- **What you have to do**: A faithful copy of the listing below is needed, with its pictures left out.

- **Data**:
--*--

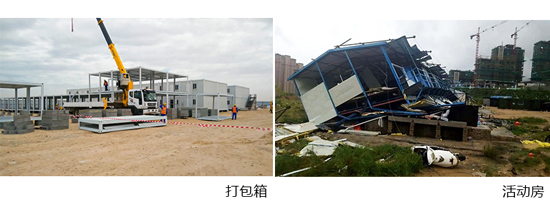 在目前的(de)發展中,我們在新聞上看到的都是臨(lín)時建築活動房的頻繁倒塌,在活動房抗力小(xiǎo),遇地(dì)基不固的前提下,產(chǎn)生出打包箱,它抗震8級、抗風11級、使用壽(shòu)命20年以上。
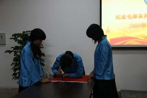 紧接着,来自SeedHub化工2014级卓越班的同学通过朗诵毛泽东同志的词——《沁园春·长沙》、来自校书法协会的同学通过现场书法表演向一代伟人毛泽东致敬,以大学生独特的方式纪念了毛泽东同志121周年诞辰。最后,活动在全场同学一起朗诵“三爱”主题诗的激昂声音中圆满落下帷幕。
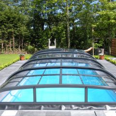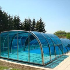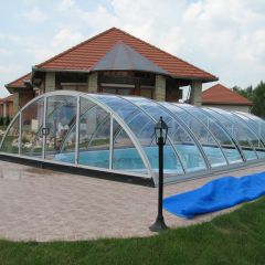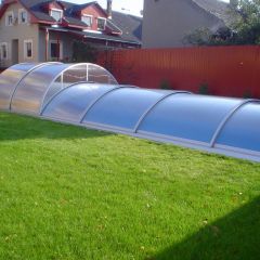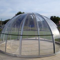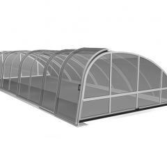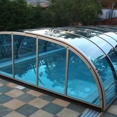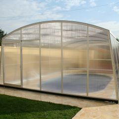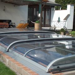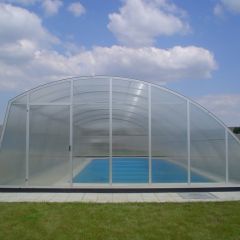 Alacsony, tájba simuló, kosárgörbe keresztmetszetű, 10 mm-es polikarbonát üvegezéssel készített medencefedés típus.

--*--

- **Worked solution**:
 在目前的(de)發展中,我們在新聞上看到的都是臨(lín)時建築活動房的頻繁倒塌,在活動房抗力小(xiǎo),遇地(dì)基不固的前提下,產(chǎn)生出打包箱,它抗震8級、抗風11級、使用壽(shòu)命20年以上。
 紧接着,来自SeedHub化工2014级卓越班的同学通过朗诵毛泽东同志的词——《沁园春·长沙》、来自校书法协会的同学通过现场书法表演向一代伟人毛泽东致敬,以大学生独特的方式纪念了毛泽东同志121周年诞辰。最后,活动在全场同学一起朗诵“三爱”主题诗的激昂声音中圆满落下帷幕。
 Alacsony, tájba simuló, kosárgörbe keresztmetszetű, 10 mm-es polikarbonát üvegezéssel készített medencefedés típus.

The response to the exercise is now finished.